» Data provided
++++++++++

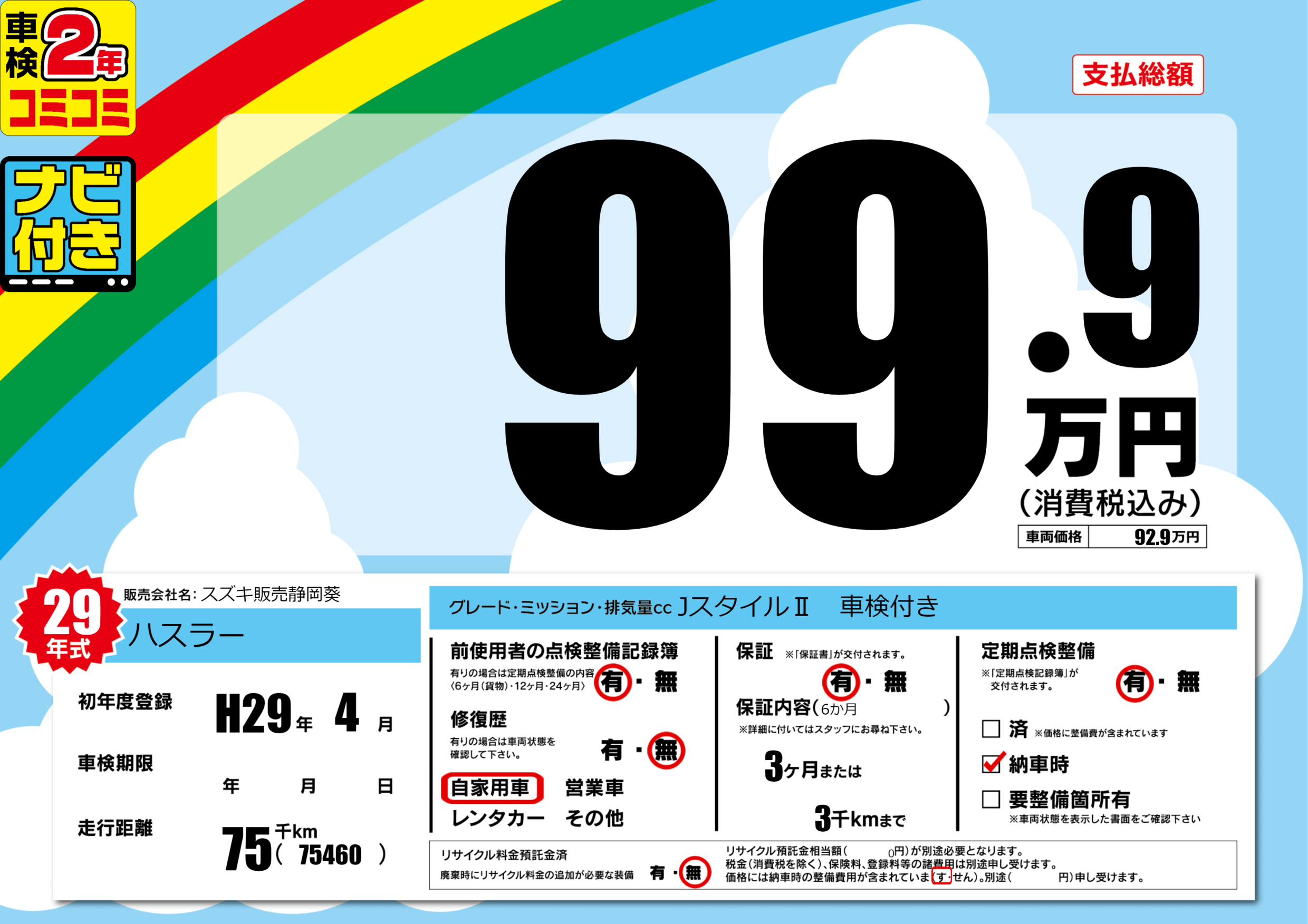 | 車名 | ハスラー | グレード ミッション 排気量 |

++++++++++

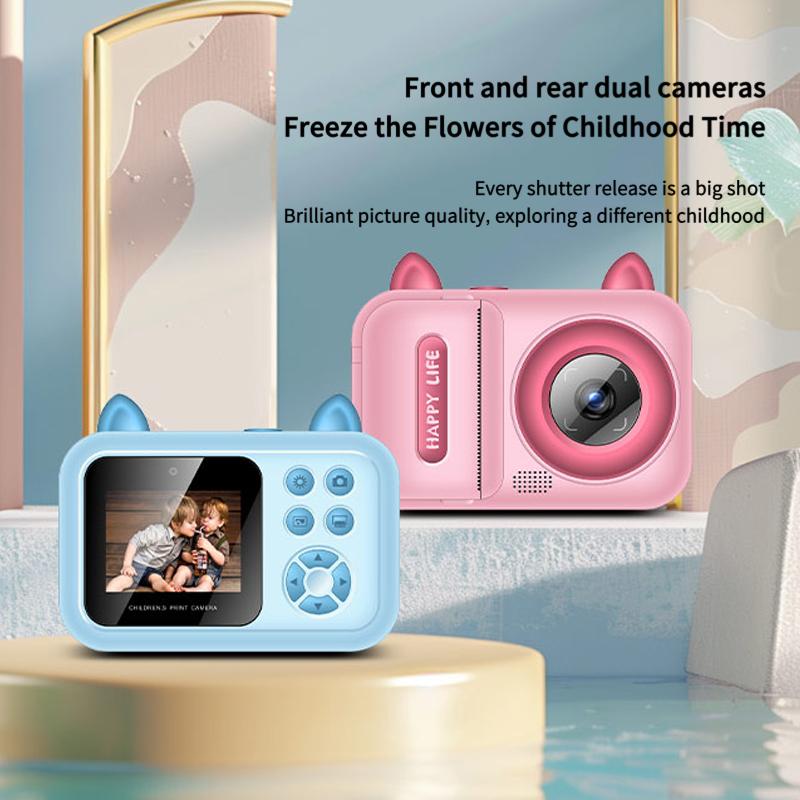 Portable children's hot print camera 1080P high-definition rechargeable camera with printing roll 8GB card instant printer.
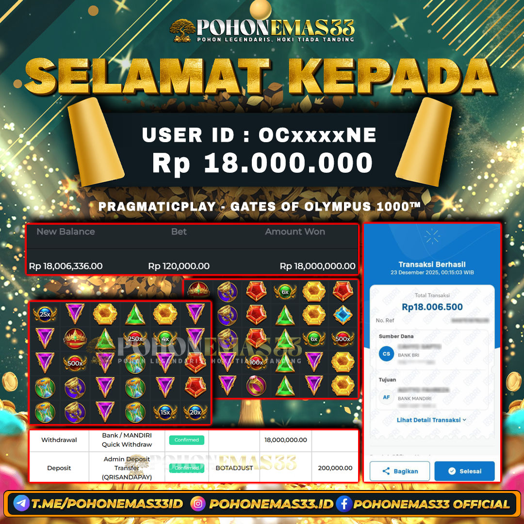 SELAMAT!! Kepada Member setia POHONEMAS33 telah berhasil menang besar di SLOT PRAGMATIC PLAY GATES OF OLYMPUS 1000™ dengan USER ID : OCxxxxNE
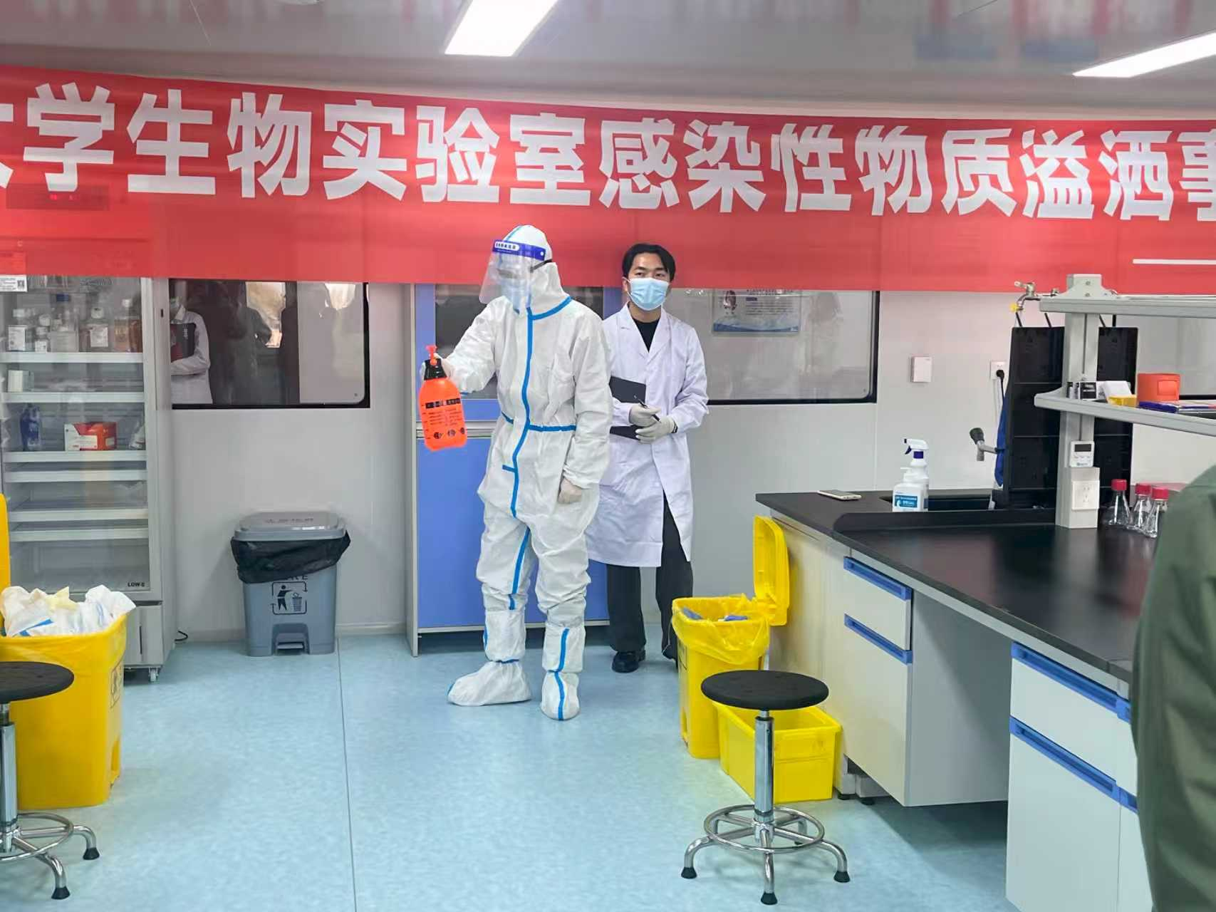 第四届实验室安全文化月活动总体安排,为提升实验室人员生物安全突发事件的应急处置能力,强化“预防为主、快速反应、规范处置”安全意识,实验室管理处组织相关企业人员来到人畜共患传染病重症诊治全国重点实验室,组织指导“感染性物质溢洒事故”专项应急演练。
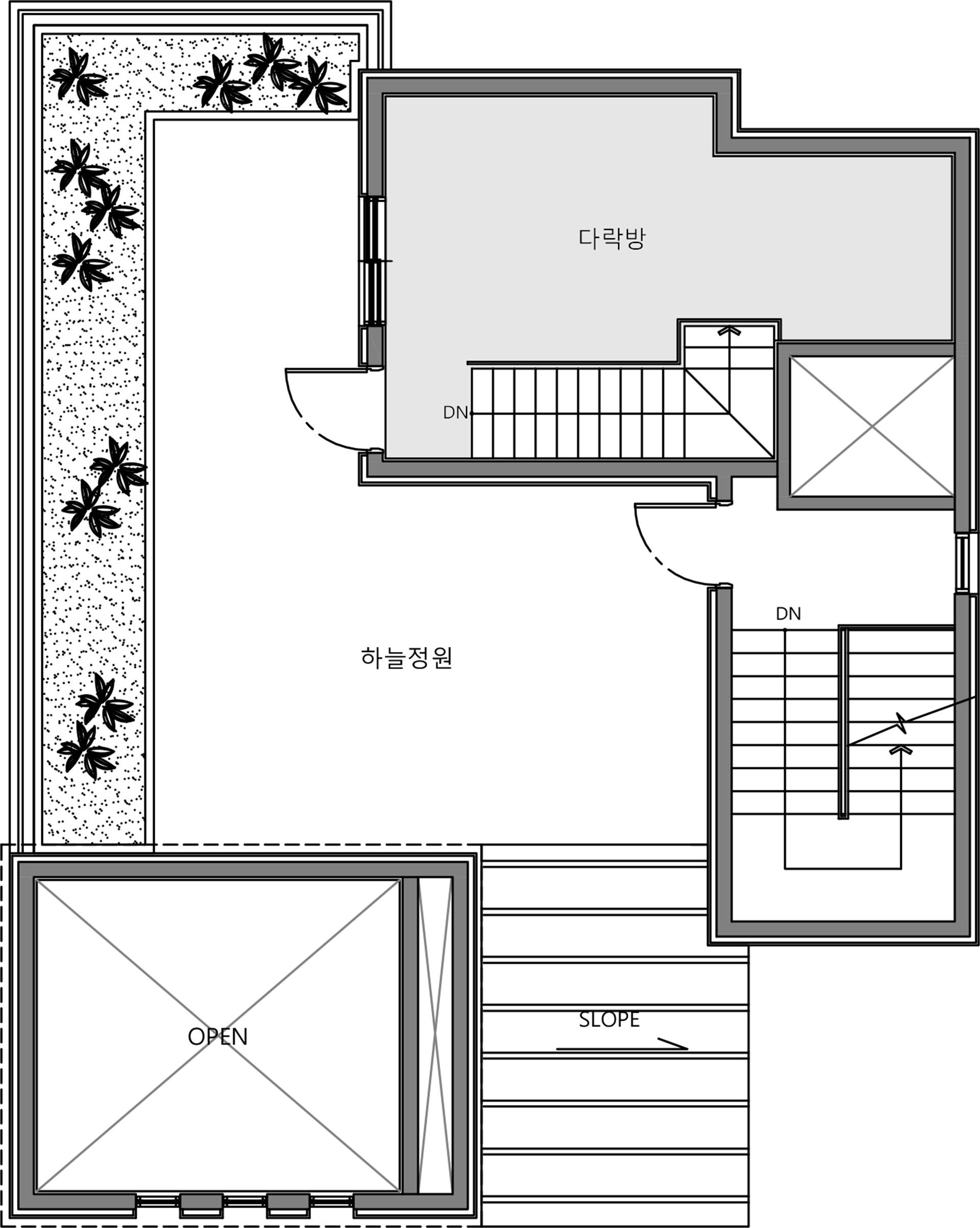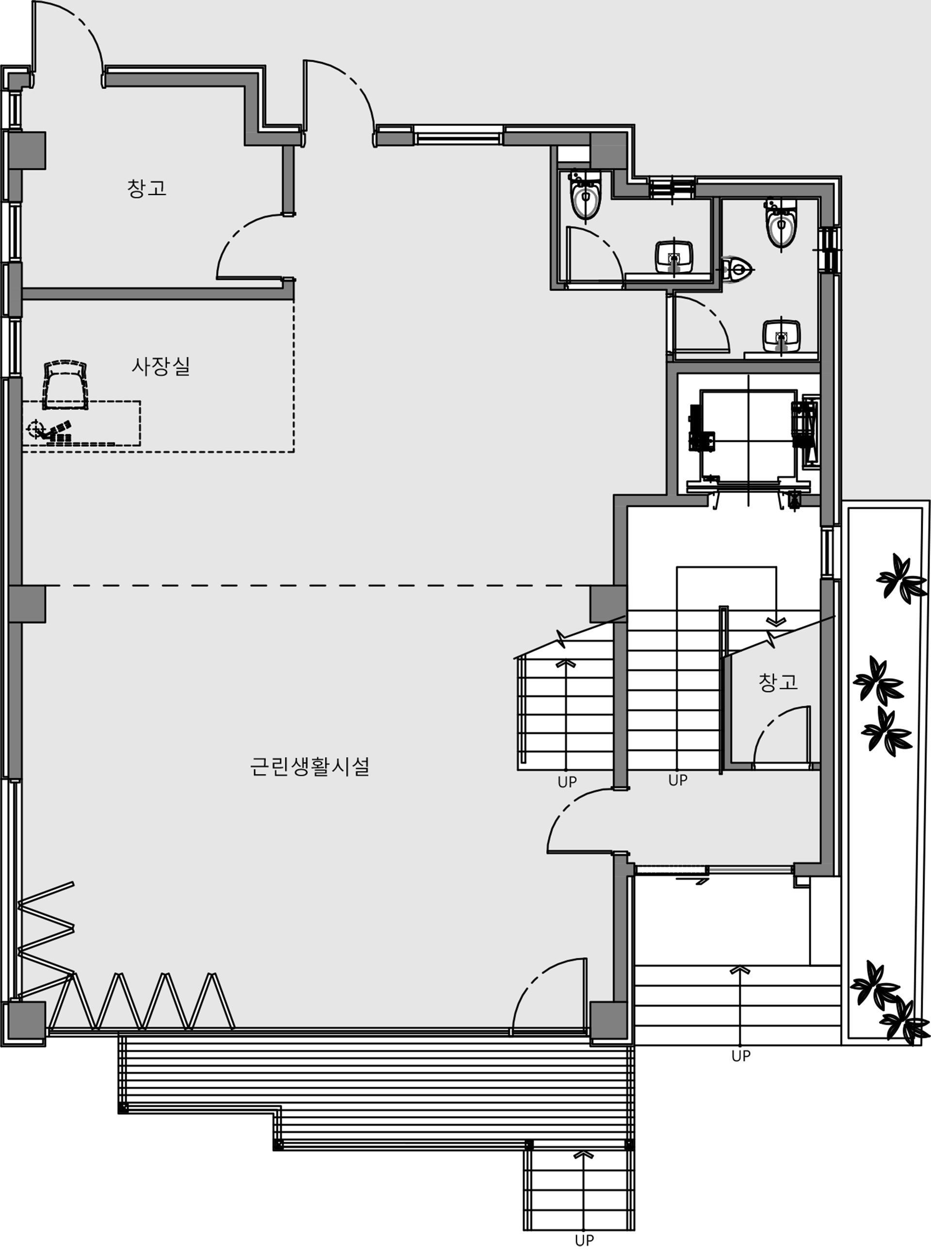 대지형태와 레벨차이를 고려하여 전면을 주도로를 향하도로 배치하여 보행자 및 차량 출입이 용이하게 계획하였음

++++++++++

» What you should do
Set down, exactly as written above, each line from the one with "第四届实验室安全文化月活动总" through the one with "대지형태와 레벨차이를 고려하여", and skip the pictures.

» Response to the exercise
 第四届实验室安全文化月活动总体安排,为提升实验室人员生物安全突发事件的应急处置能力,强化“预防为主、快速反应、规范处置”安全意识,实验室管理处组织相关企业人员来到人畜共患传染病重症诊治全国重点实验室,组织指导“感染性物质溢洒事故”专项应急演练。
 대지형태와 레벨차이를 고려하여 전면을 주도로를 향하도로 배치하여 보행자 및 차량 출입이 용이하게 계획하였음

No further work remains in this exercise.